En vertu du principe d’incorporation, selon lequel le mangeur s’approprie les qualités de l’aliment en le mangeant (Fischler, 1990), l’aliment industriel provoque une grande anxiété car il prive le

« mangeur » de ses repères traditionnels et symboliques. Ces angoisses, exacerbées lors des crises alimentaires comme celles des « poulets aux hormones » ou de la « vache folle », se manifestent dans la sphère publique par la multiplication de mouvements citoyens de

revendications d’une alimentation de terroir et de qualité, favorable à l’environnement et à la santé, comme le montre par exemple l’approche très manichéenne des défenseurs de produits bio. Elles sont accentuées par la situation d’abondance et de choix, situation entièrement nouvelle du point dans l’histoire de l’alimentation humaine (Hubert, 2001 ; Poulain, 2005).

Ce contexte général engendre la mobilisation d’associations comme Slow Food, Greenpeace ou les Associations de Maintien pour une Agriculture Paysanne (AMAP), qui revendiquent et s’engagent pour une alimentation « de qualité ». Les médias ne sont pas en reste, avec force reportages et documentaires sur les dérives de la production agricole intensive et de la production industrielle des denrées alimentaires.

Le contrôle des représentations sociales

Face à la multiplication des acteurs s’étant emparés de la problématique des rapports entre alimentation et santé, le contrôle des représentations sociales devient un enjeu majeur de l’existence sociale de cette question.

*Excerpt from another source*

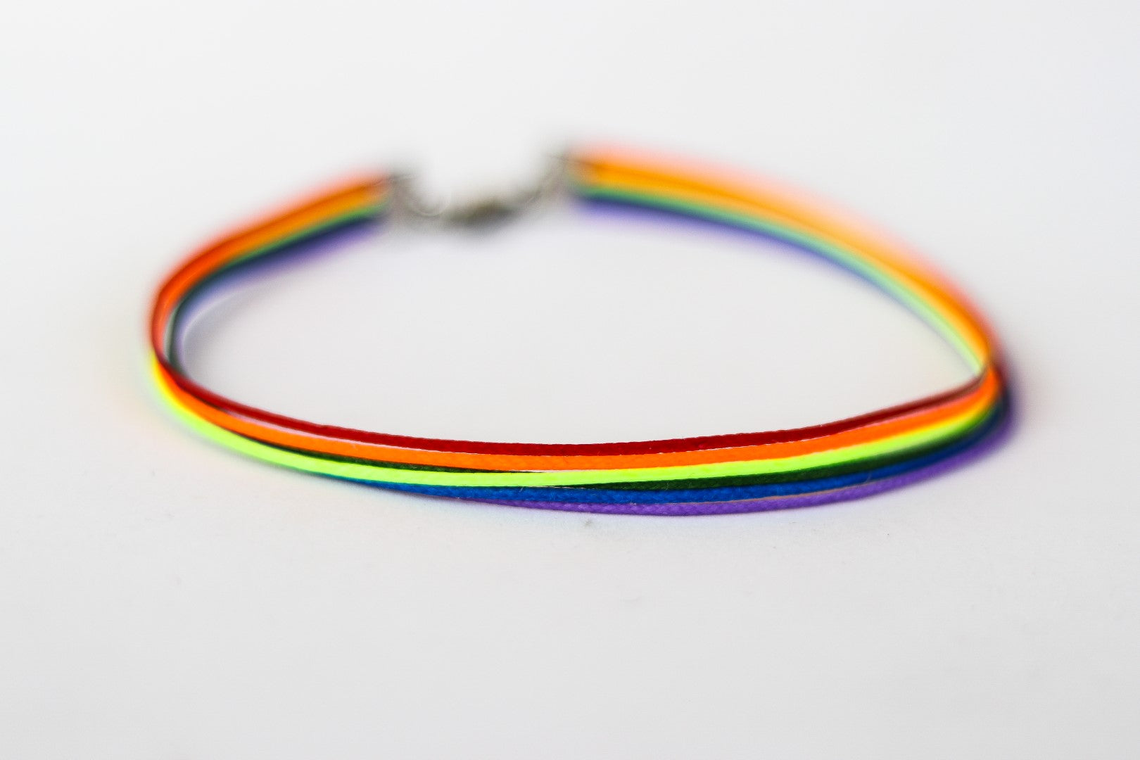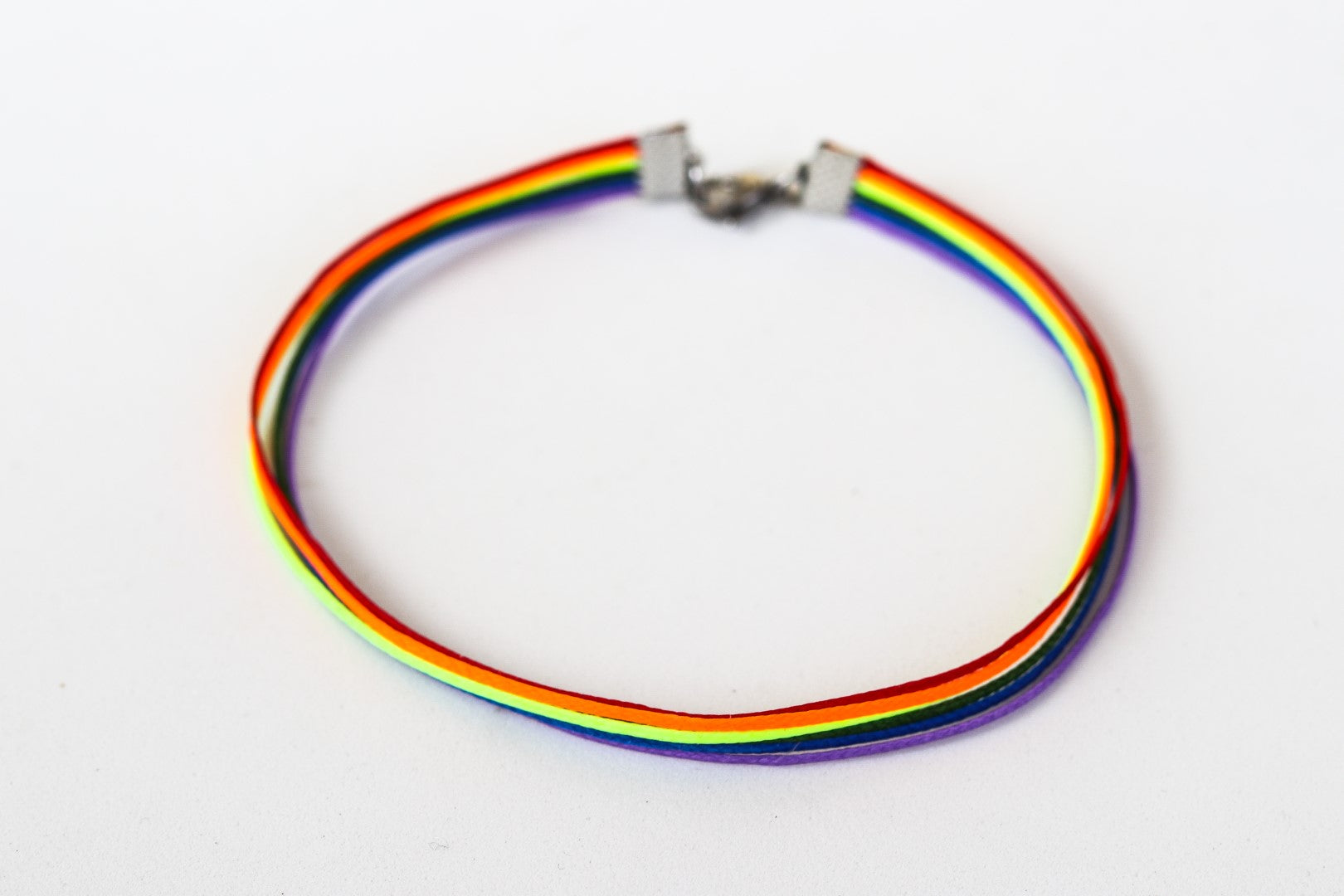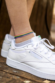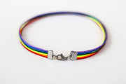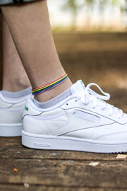 Pride ankle bracelet - cord anklet with six cords that represent the colors of the pride rainbow flag: red, orang, yellow, green, blue and purple, and they are made of cotton. Stainless steel clasp closure.

Jodelet (1989) décrit la représentation comme « une forme de savoir pratique reliant un sujet à un objet », et de fait les liens entre représentations sociales et comportement sont ténus. La dimension pratique des représentations est essentielle et montre la pertinence de les mobiliser pour appréhender un acte aussi quotidien et concret que l’acte alimentaire. Si l’on préfère spontanément les produits frais aux produits surgelés par exemple, cela est lié à une représentation largement partagée, qui associe le « sain » au « naturel », le

« naturel » étant lui-même corrélé à l’absence d’intervention humaine (Rozin, 2008). Même en sachant que les produits surgelés ont généralement une teneur nutritionnelle équivalente aux produits frais, cette représentation va dominer nos connaissances et guider nos comportements.

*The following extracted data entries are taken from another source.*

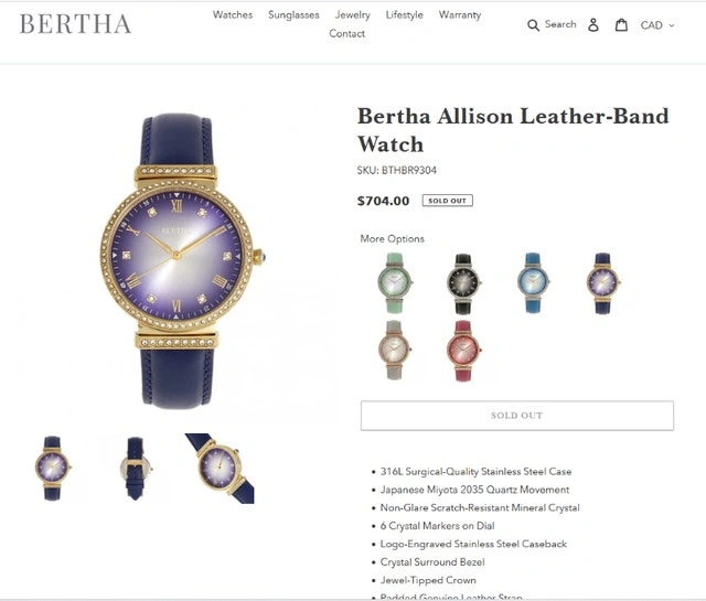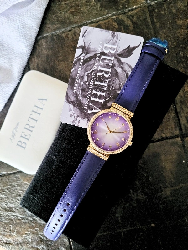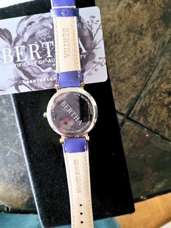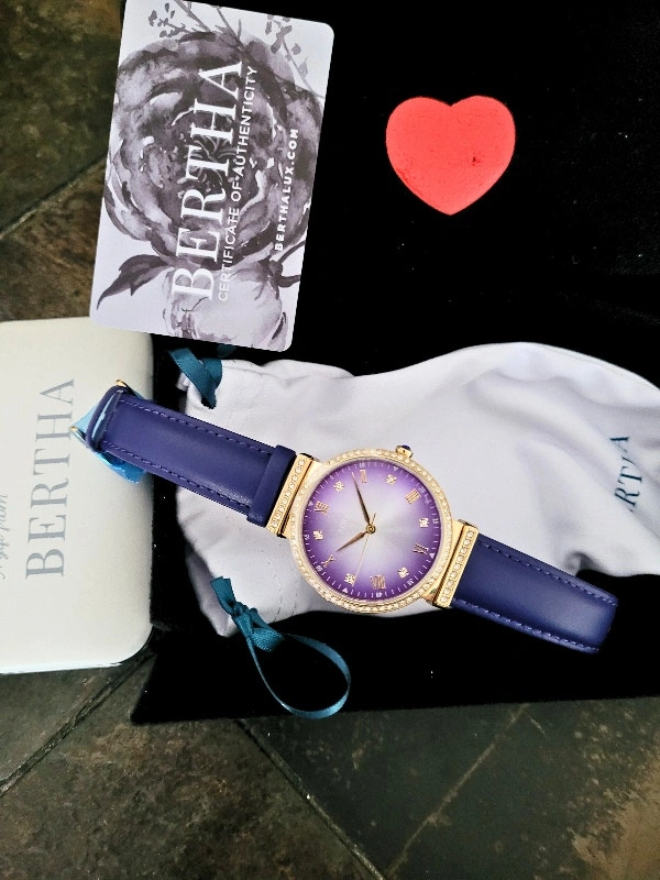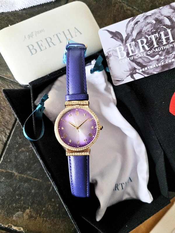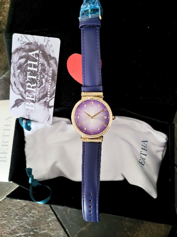 Brand new in the box with Certificate of Authenticity card. Retail value: $700. Model BTHBR9304 Allison. Features a 316L surgical-quality stainless steel case, non-glare scratch-resistant mineral crystal, Swarovski surround bezel, jewel-tipped crown, padded genuine leather strap, and logo-engraved stainless steel clasp. Case diameter is 37mm. Case color is gold. Dial and band color is purple. Movement is quartz with 5 ATM water resistance. Pick up area is Sheppard & Don Mills. Cash and cashless payments are accepted.
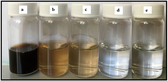 Rejection of HA solution and permeate turbidity: (a) feed humic acid solution of 100 mg/L. (b) Permeate of PTFE, MD. (c) Permeate of PTFE, AS-MD. (d) Permeate of CNIM, MD. (e) Permeate of CNIM, AS-MD.
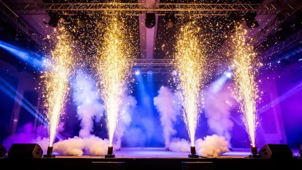 Safe indoor spark fountain effects using cold titanium-based compound instead of fire. Sparks are cold to touch and perfect for weddings, awards, and stage reveals.
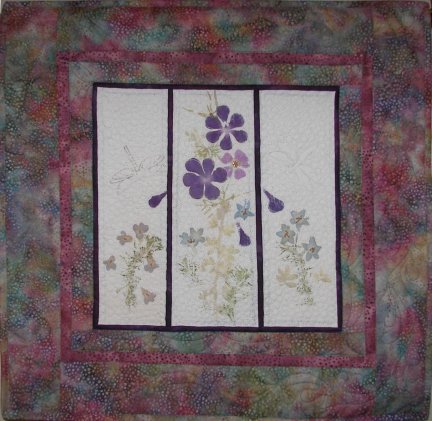 "Three Part Harmony," a small tryptych panel quilted wall hanging, hand-dyed with natural flowers, fabric paint, and beads.
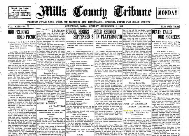 From The Glenwood Opinion, Thursday October 16, 1919, Local Post of American Legion Is Growing-Will Make Membership Drive Saturday-Ex-service Men Should Join "Chaplain W. E. Robb of the One-Hundred and Sixty Eighth Iowa Infantry will speak at the Baptist church next Wednesday evening, October 22, on the subject, “The Price of Our Heritage.” Chaplain Robb … Continue reading Chaplain W. E. Robb Visits Glenwood for Membership Drive

La dimension sociale des représentations est également fondamentale puisque c’est la validation collective qui fonde leur légitimité auprès des individus. Cette importance collective de la représentation sociale, et son impact sur les comportements individuels, lui confère un pouvoir que les différents acteurs ont bien compris. Chacun cherche à les modifier, en espérant atteindre ainsi la modification des comportements et elles deviennent ainsi au centre des discours, qu’il s’agisse de communication publique, de communication militante ou de communication publicitaire. Parallèlement à cela, un discours de nature prescriptive et moralisatrice se développe, en opposition justement avec la complexité du raisonnement et des représentations qui sous-tendent l’acte alimentaire. On voit ainsi s’affronter un double niveau de langage, l’un relatif aux représentations et l’autre beaucoup plus rationnel avec le retour d’un modèle selon lequel la diffusion d’une information est censée induire un changement de comportement (Berlivet, 2004).

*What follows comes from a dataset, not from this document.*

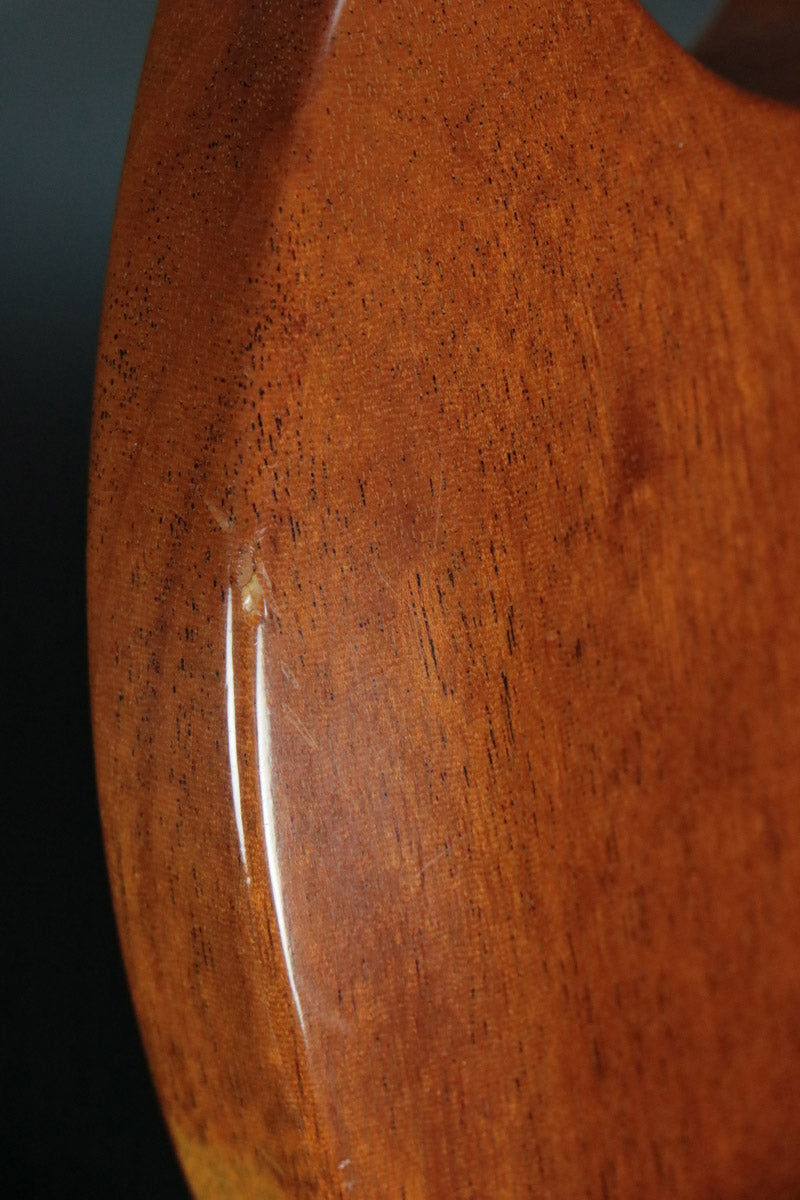 本来はアニリンダイに比べると控えめながらも赤いチェリーカラーでしたが、経年褪色によってウォルナットもしくはナチュラルカラーのような渋みの増した落ち着いたルックスに仕上がっております。エスカッションや裏パネルを外せば元のチェリーカラーの名残が確認出来ます。
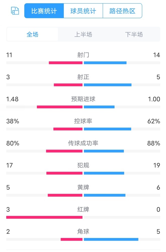 拉齐奥VS米兰全场数据:射门11-14,控球率38%-62%,红牌3-0

Ce bref tableau du paysage alimentaire vise à montrer le caractère sensible et complexe de cette question du rapport entre alimentation et santé. Les crises alimentaires réveillent les peurs, les scientifiques tirent la sonnette d’alarme sur des constats tout en divergeant sur les causes, les pouvoirs publics s’en mêlent, les industriels défendent leurs intérêts économiques, les citoyens se mobilisent et investissent le débat et l’action proprement dite… Tous les ingrédients sont ici réunis pour faire des liens entre alimentation et santé une question sensible. Ces enjeux se croisent et s’affrontent dans l’espace public, avec pour conséquence une convergence vers un phénomène de médicalisation de l’alimentation, d’une ampleur inédite jusqu’alors.